MATERIAL SUPPLIED:
---------------
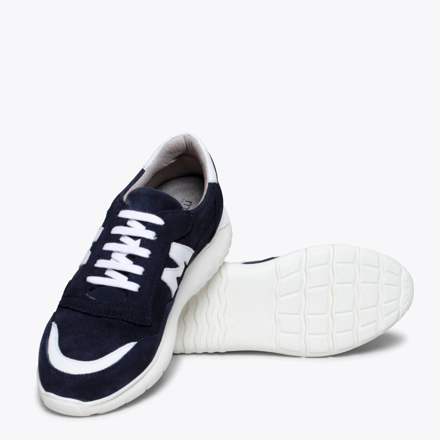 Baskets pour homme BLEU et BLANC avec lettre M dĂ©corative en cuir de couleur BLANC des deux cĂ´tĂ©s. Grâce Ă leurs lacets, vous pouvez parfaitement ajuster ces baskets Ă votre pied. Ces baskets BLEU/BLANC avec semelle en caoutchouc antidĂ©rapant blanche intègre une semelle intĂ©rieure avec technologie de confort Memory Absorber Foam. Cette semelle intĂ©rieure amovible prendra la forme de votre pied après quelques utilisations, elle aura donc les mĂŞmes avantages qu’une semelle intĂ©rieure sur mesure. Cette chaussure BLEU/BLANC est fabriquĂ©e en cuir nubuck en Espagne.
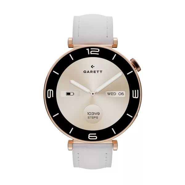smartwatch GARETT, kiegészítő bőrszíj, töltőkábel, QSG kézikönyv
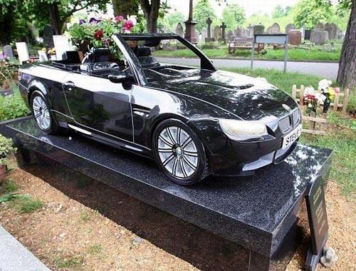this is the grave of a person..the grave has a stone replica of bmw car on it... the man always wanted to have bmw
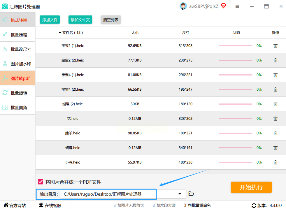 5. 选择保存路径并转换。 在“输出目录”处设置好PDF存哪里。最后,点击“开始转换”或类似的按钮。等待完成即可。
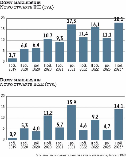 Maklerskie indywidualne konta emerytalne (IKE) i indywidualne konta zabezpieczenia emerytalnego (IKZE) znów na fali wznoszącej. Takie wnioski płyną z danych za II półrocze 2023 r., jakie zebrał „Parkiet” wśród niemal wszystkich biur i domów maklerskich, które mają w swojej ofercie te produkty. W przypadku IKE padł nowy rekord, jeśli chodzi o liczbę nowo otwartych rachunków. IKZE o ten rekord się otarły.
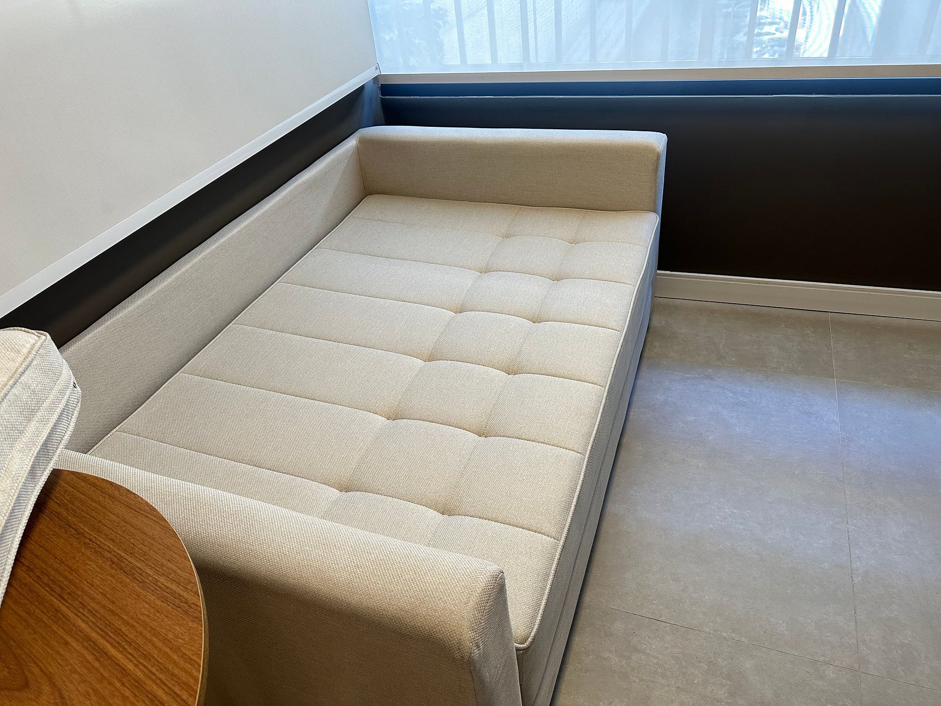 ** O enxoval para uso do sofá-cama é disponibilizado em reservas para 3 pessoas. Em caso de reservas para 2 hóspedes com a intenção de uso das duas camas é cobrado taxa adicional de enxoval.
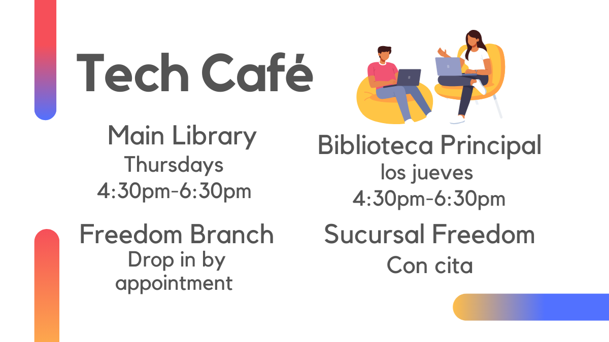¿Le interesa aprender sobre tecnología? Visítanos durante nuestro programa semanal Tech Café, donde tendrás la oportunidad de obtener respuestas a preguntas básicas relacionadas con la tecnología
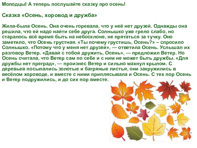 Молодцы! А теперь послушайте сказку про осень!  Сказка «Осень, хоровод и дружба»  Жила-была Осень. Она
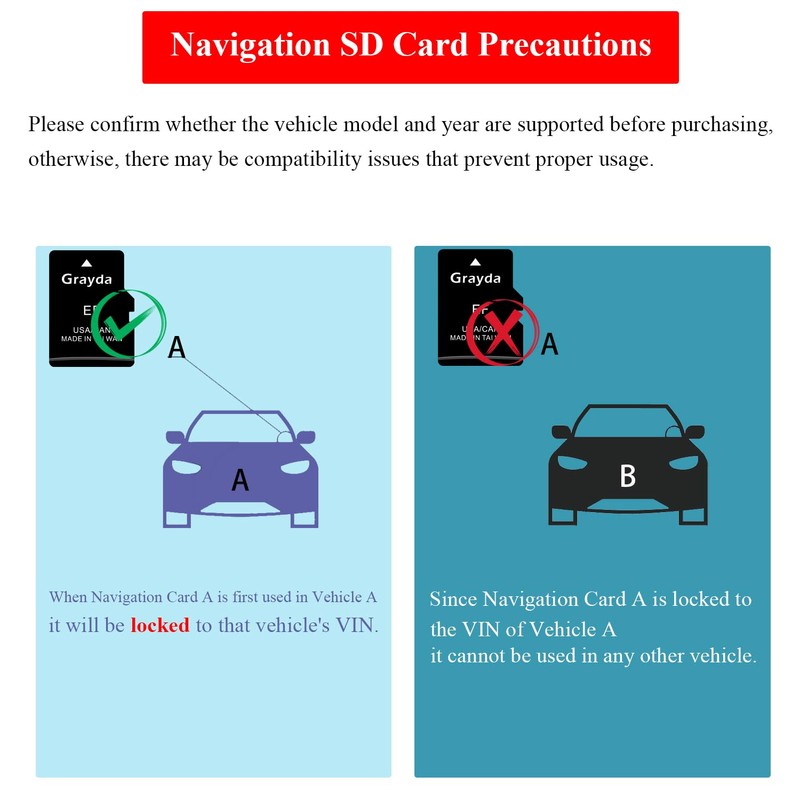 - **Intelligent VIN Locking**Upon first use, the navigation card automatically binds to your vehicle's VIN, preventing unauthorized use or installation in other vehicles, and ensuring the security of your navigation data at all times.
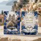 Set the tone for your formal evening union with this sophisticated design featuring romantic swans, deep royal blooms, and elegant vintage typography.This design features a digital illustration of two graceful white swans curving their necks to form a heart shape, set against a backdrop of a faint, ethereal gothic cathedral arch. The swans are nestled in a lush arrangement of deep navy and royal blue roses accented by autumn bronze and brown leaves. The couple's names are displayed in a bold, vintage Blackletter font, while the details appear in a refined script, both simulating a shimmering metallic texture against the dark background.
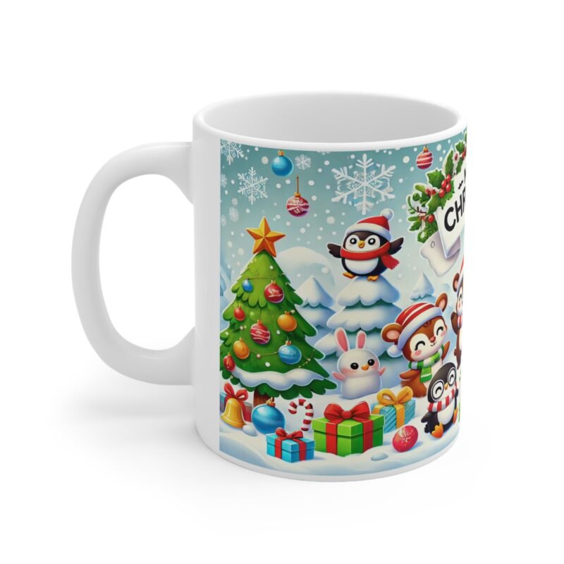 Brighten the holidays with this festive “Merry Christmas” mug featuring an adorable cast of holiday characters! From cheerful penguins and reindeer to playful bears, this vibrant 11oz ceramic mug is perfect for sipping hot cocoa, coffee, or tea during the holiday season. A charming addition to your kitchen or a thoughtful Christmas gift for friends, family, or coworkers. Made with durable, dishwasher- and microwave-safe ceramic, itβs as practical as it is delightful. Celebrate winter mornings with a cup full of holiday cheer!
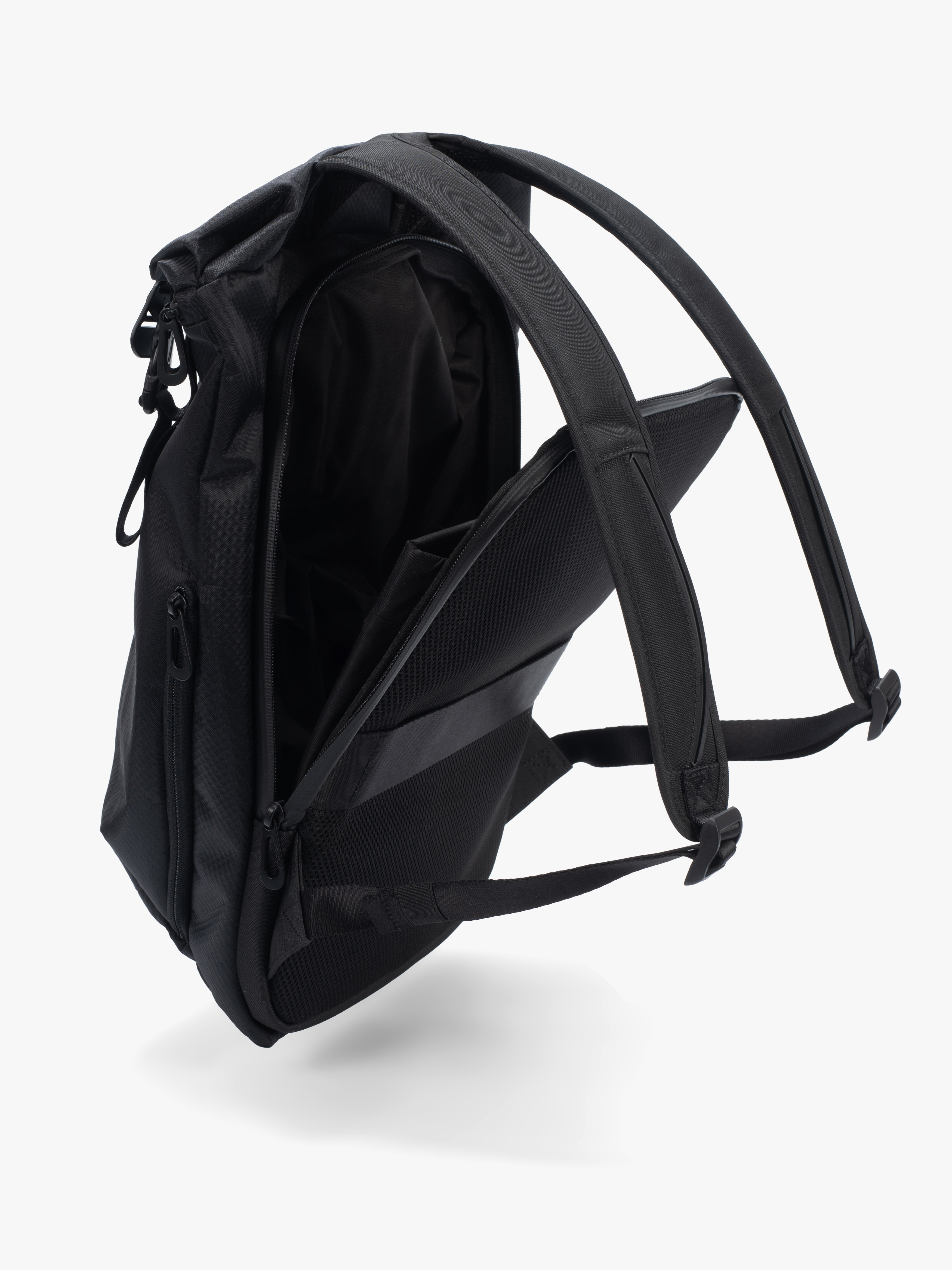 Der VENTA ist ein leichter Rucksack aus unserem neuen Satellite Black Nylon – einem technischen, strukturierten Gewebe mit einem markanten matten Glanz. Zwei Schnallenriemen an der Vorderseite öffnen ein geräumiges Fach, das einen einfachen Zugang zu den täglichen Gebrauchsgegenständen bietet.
---------------
TRY IT:
When repeating the listing, keep each line exact and exclude the pictures.

RESULT OF THIS TASK:
 Baskets pour homme BLEU et BLANC avec lettre M dĂ©corative en cuir de couleur BLANC des deux cĂ´tĂ©s. Grâce Ă leurs lacets, vous pouvez parfaitement ajuster ces baskets Ă votre pied. Ces baskets BLEU/BLANC avec semelle en caoutchouc antidĂ©rapant blanche intègre une semelle intĂ©rieure avec technologie de confort Memory Absorber Foam. Cette semelle intĂ©rieure amovible prendra la forme de votre pied après quelques utilisations, elle aura donc les mĂŞmes avantages qu’une semelle intĂ©rieure sur mesure. Cette chaussure BLEU/BLANC est fabriquĂ©e en cuir nubuck en Espagne.
smartwatch GARETT, kiegészítő bőrszíj, töltőkábel, QSG kézikönyv
this is the grave of a person..the grave has a stone replica of bmw car on it... the man always wanted to have bmw
 5. 选择保存路径并转换。 在“输出目录”处设置好PDF存哪里。最后,点击“开始转换”或类似的按钮。等待完成即可。
 Maklerskie indywidualne konta emerytalne (IKE) i indywidualne konta zabezpieczenia emerytalnego (IKZE) znów na fali wznoszącej. Takie wnioski płyną z danych za II półrocze 2023 r., jakie zebrał „Parkiet” wśród niemal wszystkich biur i domów maklerskich, które mają w swojej ofercie te produkty. W przypadku IKE padł nowy rekord, jeśli chodzi o liczbę nowo otwartych rachunków. IKZE o ten rekord się otarły.
 ** O enxoval para uso do sofá-cama é disponibilizado em reservas para 3 pessoas. Em caso de reservas para 2 hóspedes com a intenção de uso das duas camas é cobrado taxa adicional de enxoval.
¿Le interesa aprender sobre tecnología? Visítanos durante nuestro programa semanal Tech Café, donde tendrás la oportunidad de obtener respuestas a preguntas básicas relacionadas con la tecnología
 Молодцы! А теперь послушайте сказку про осень!  Сказка «Осень, хоровод и дружба»  Жила-была Осень. Она
 - **Intelligent VIN Locking**Upon first use, the navigation card automatically binds to your vehicle's VIN, preventing unauthorized use or installation in other vehicles, and ensuring the security of your navigation data at all times.
 Set the tone for your formal evening union with this sophisticated design featuring romantic swans, deep royal blooms, and elegant vintage typography.This design features a digital illustration of two graceful white swans curving their necks to form a heart shape, set against a backdrop of a faint, ethereal gothic cathedral arch. The swans are nestled in a lush arrangement of deep navy and royal blue roses accented by autumn bronze and brown leaves. The couple's names are displayed in a bold, vintage Blackletter font, while the details appear in a refined script, both simulating a shimmering metallic texture against the dark background.
 Brighten the holidays with this festive “Merry Christmas” mug featuring an adorable cast of holiday characters! From cheerful penguins and reindeer to playful bears, this vibrant 11oz ceramic mug is perfect for sipping hot cocoa, coffee, or tea during the holiday season. A charming addition to your kitchen or a thoughtful Christmas gift for friends, family, or coworkers. Made with durable, dishwasher- and microwave-safe ceramic, itβs as practical as it is delightful. Celebrate winter mornings with a cup full of holiday cheer!
 Der VENTA ist ein leichter Rucksack aus unserem neuen Satellite Black Nylon – einem technischen, strukturierten Gewebe mit einem markanten matten Glanz. Zwei Schnallenriemen an der Vorderseite öffnen ein geräumiges Fach, das einen einfachen Zugang zu den täglichen Gebrauchsgegenständen bietet.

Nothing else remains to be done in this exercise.